Наступил день показа. Я решил для себя: вот отыграю свою роль, провалюсь и уйду из театра. Самочувствие у меня, прямо сказать, было неважное. На спектакль приехали К. С. Станиславский и Вл. И. Немирович-Данченко, И. М. Москвин, М. А. Чехов — любимый актер театральной молодежи. После «Чуда святого Антония» за кулисы пошли хорошие слухи. Спектакль понравился мхатовцам. Началась голгофа — «Свадьба» Чехова. Первый выход на сцену со Щукиным — Жигаловым начал приниматься зрительным залом, реплики Щукина и мои вызывали дружный смех. Сцена шла со все нараставшим успехом. Я не понимал, что происходит. Придя разгримировываться в артистическую уборную, я ждал решения своей участи. За кулисы пришли Владимир Иванович Немирович-Данченко, Михаил Александрович Чехов. Я стоял, опустив голову, ожидая приговора. И вдруг, о счастье! Они начинают хвалить меня. Я не верил своим ушам. Я смотрю на Евгения Богратионовича и вижу скрытую улыбку на его лице, и слышу реплику, сказанную как бы невзначай: «Вот Симонов сегодня нашел грека». Это было вознаграждением за все огорчения, пережитые мною на репетициях. Возвращаясь домой, я чувствовал огромную радость. Признание, которое я получил, пришло путем напряженного труда. Сейчас, когда мне самому посчастливилось вырастить многих актеров, я знаю, что Вахтангов в репетиционный период не только делал со мною роль, но и воспитывал меня.

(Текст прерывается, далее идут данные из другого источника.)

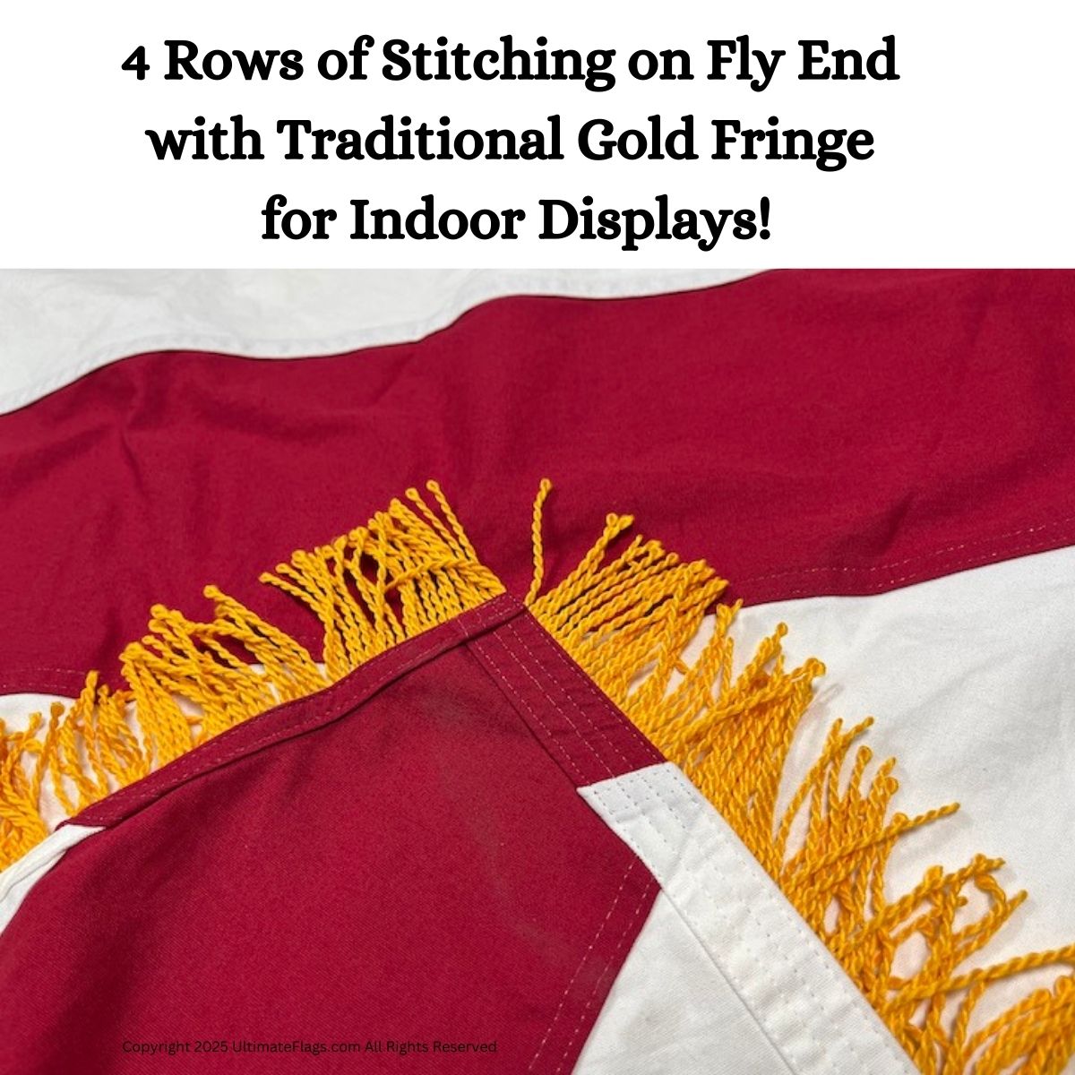Alabama Flag – Cotton Sewn with Pole Sleeve / Hem with traditional Gold Fringe for indoor displays

В Шаляпинской студии я брал роли с ходу. Но это был первый период актерского роста — полупрофессиональный, полулюбительский.

На репетициях «Свадьбы», работая со мной, Евгений Богратионович научил меня относиться к своему труду предельно требовательно […].

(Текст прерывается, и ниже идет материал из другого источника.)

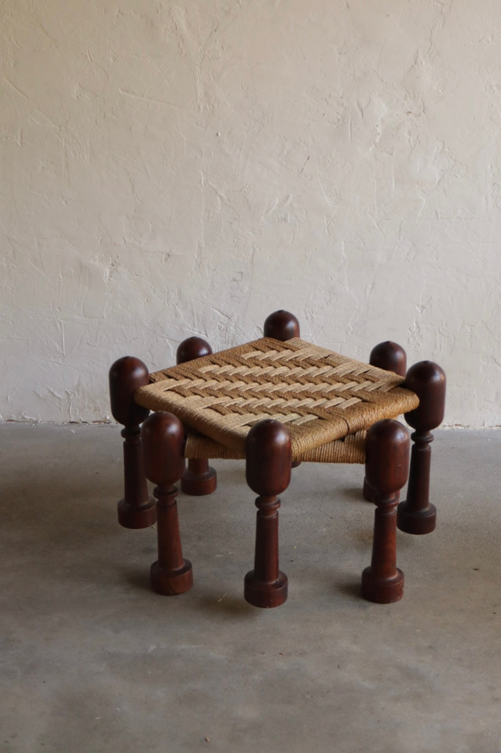 Pair of jute & rosewood stacking stools. Small mark on jute and light wear to wood, see photos for details. Great condition overall.

А. П. Чехов у вахтанговцев[ii]

Чеховская «Свадьба» шла вначале в спектакле под названием «Чеховский вечер», куда входили еще одноактные пьесы: «Воры» (инсценировка рассказа) и «Юбилей». В дальнейшем «Свадьба» шла в один вечер с двухактной {63} пьесой Метерлинка «Чудо святого Антония». Этот второй спектакль был показан Художественному театру во главе со Станиславским и Немировичем-Данченко в 1921 году.

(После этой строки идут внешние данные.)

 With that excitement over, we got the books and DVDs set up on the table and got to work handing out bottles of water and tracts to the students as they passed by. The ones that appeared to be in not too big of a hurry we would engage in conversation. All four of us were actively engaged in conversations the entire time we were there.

В результате просмотра студия Вахтангова была включена в семью Художественного театра, и ей было дано наименование Третьей студии МХАТ.

Чеховский вечер говорил о мастерстве Вахтангова, о поисках новых возможностей реалистического направления и школы Художественного театра. Вахтангова волновала проблема раскрытия самых разных драматических жанров в театре; нахождение формы каждого спектакля, выражающей дух эпохи, мировоззрение автора, стилистические особенности его творчества.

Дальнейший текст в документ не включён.